尝试在 python 中实现来自 google cloud 的文档 OCR 时遇到此错误,如下所述:https://cloud.google.com/document-ai/docs/ocr#documentai_process_document-python。
当我跑步时
operation.result(timeout=None)
我收到此错误
Traceback (most recent call last):
File "<input>", line 1, in <module>
File "/Users/Niolo/Desktop/project/venv/lib/python3.8/site-packages/google/api_core/future/polling.py", line 134, in result
raise self._exception
google.api_core.exceptions.InternalServerError: 500 Failed to process all the documents
我的完整代码
import re
import os
from google.cloud import storage
from google.cloud import documentai_v1beta3 as documentai
from google.api_core.client_options import ClientOptions
project_id = 'my_project_id'
location = 'eu' # Format is 'us' or 'eu'
processor_id = 'my_processor_id' # Create processor in Cloud Console
gcs_input_uri = "gs://my_bucket/toy1.py"
gcs_output_uri = "gs://my_bucket"
gcs_output_uri_prefix = "gs://"
os.environ["GOOGLE_APPLICATION_CREDENTIALS"] = "/Users/Niolo/Desktop/Work/DocumentAI/OCR/key.json"

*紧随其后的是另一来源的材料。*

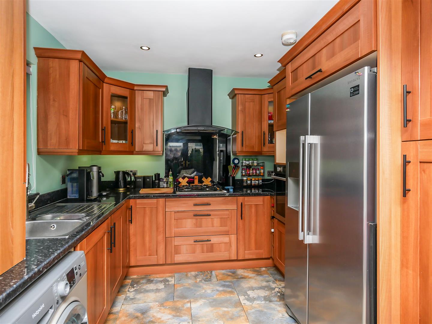 Full range of high and low level units, glazed cabinets, built in hob and eye level oven, overhead extractor fan, plumbed for washing machine, plumbed for American fridge freezer. Tiled flooring.

def batch_process_documents(
project_id,
location,
processor_id,
gcs_input_uri,
gcs_output_uri,
gcs_output_uri_prefix,
timeout: int = 300,
):
# Set endpoint to EU
options = ClientOptions(api_endpoint="eu-documentai.googleapis.com:443")
# Instantiates a client
client = documentai.DocumentProcessorServiceClient(client_options=options)

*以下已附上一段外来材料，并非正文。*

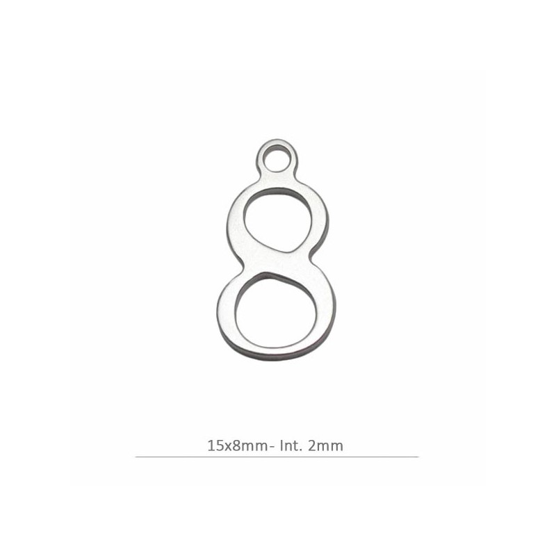 Colgante número 8 en plata de ley 925. Fabricado en España.

destination_uri = f"{gcs_output_uri}/{gcs_output_uri_prefix}/"
# 'mime_type' can be 'application/pdf', 'image/tiff',
# and 'image/gif', or 'application/json'
input_config = documentai.types.document_processor_service.BatchProcessRequest.BatchInputConfig(
gcs_source=gcs_input_uri, mime_type="application/pdf"
)
# Where to write results
output_config = documentai.types.document_processor_service.BatchProcessRequest.BatchOutputConfig(
gcs_destination=destination_uri
)
# Location can be 'us' or 'eu'
name = f"projects/{project_id}/locations/{location}/processors/{processor_id}"

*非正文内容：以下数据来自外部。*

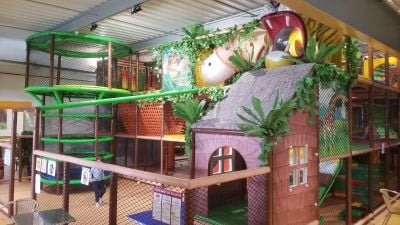 Il parco giochi interno si estende su 1000 metri quadrati e include nove tappeti elastici, torri per arrampicata, scivoli e go-kart in miniatura.
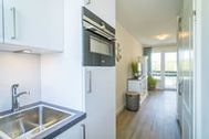 Die offene, neu gestaltete Einbauküche mit Fenster ist mit einem 4-Platten-Ceranfeld, einer Backofen-Mikrowellen-Kombi, einem großzügigen Kühlschrank mit 3-Sterne-Gefrierfach und einer Geschirrspülmaschine ausgestattet. Zur Grundausstattung zählen zudem eine Kaffeemaschine (auch für Kaffeepads geeignet), ein Wasserkocher, ein Toaster und sämtliches Küchenzubehör.
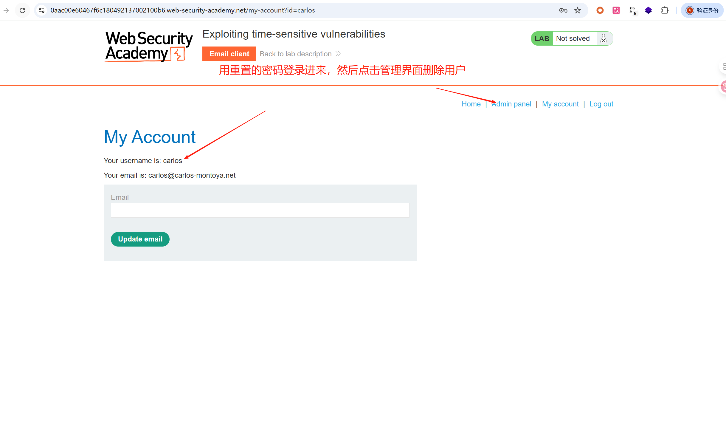 然后用carlos已经重置的密码登录进来,然后点击管理界面删除用户

request = documentai.types.document_processor_service.BatchProcessRequest(
name=name,
input_configs=[input_config],
output_config=output_config,
)
operation = client.batch_process_documents(request)
# Wait for the operation to finish
operation.result(timeout=None)
# Results are written to GCS. Use a regex to find
# output files
match = re.match(r"gs://([^/]+)/(.+)", destination_uri)
output_bucket = match.group(1)
prefix = match.group(2)
storage_client = storage.Client()
bucket = storage_client.get_bucket(output_bucket)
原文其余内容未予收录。